> **WHAT IS REQUIRED**:
Everything from the line with "A charming, tiny" to the line with "Total Eclipse. the" in the listing below, both lines included, needs to be copied exactly, apart from the pictures.

> **DATA FOR THIS EXERCISE**:
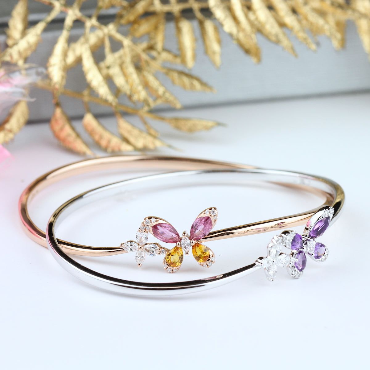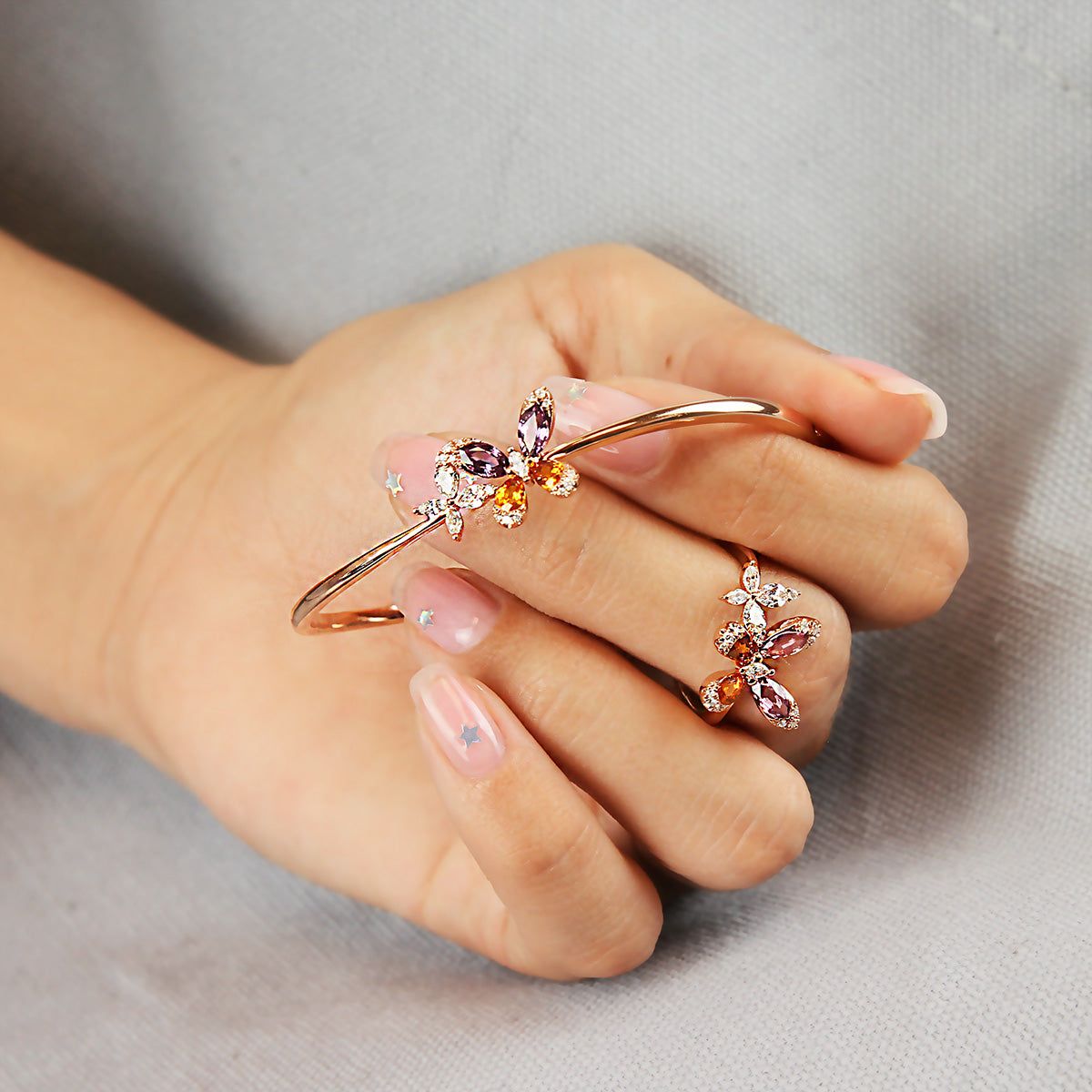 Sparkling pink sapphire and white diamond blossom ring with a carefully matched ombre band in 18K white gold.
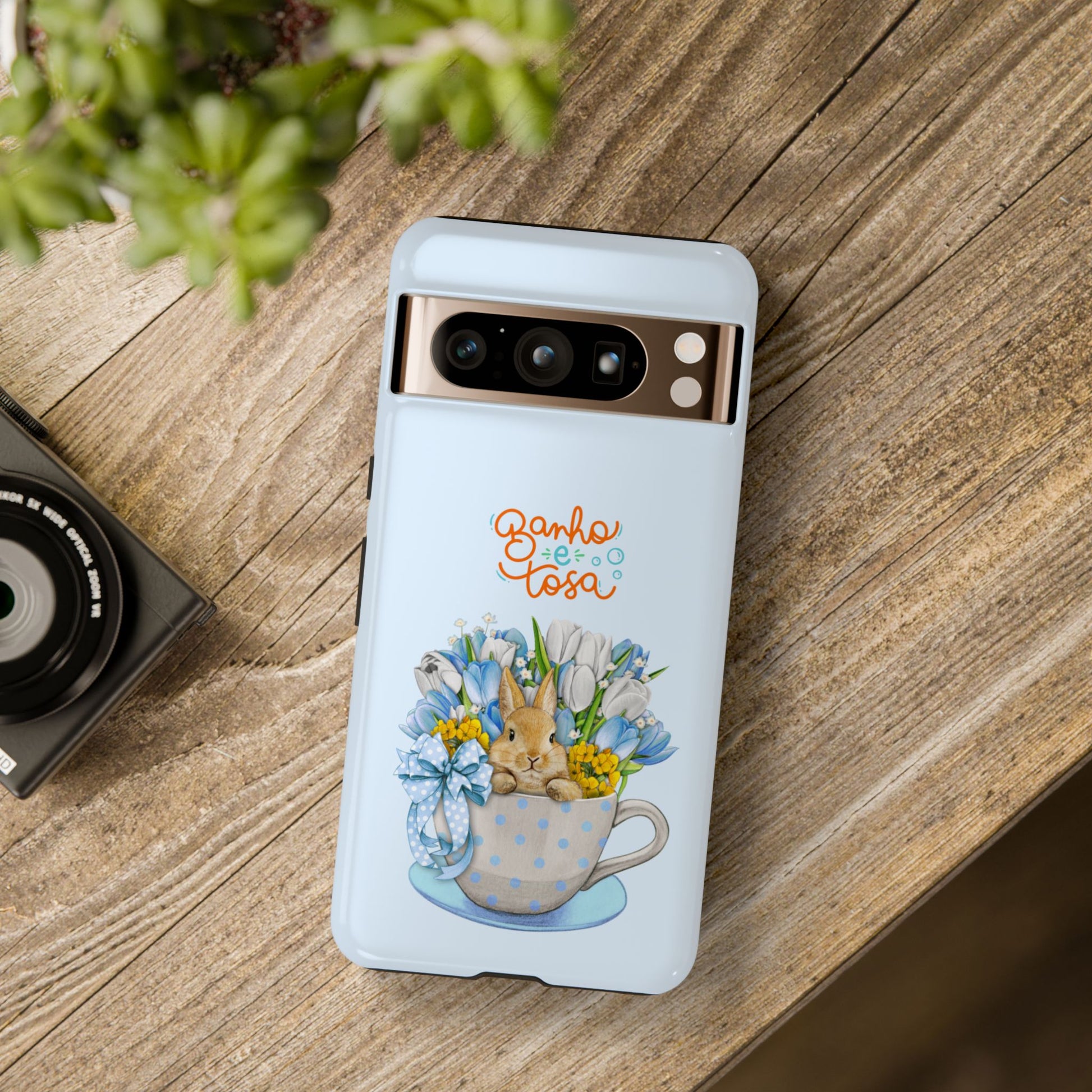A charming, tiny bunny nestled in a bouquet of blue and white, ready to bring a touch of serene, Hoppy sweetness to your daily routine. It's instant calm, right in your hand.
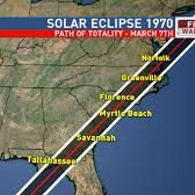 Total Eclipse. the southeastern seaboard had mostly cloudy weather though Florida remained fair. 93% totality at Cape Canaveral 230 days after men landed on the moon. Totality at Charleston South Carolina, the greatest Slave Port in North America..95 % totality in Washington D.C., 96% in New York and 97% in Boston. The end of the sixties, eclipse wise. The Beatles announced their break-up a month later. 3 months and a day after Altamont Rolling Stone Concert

--

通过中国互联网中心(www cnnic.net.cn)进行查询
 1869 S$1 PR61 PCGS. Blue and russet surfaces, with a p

> **OUTPUT FOR THIS EXERCISE**:
A charming, tiny bunny nestled in a bouquet of blue and white, ready to bring a touch of serene, Hoppy sweetness to your daily routine. It's instant calm, right in your hand.
 Total Eclipse. the southeastern seaboard had mostly cloudy weather though Florida remained fair. 93% totality at Cape Canaveral 230 days after men landed on the moon. Totality at Charleston South Carolina, the greatest Slave Port in North America..95 % totality in Washington D.C., 96% in New York and 97% in Boston. The end of the sixties, eclipse wise. The Beatles announced their break-up a month later. 3 months and a day after Altamont Rolling Stone Concert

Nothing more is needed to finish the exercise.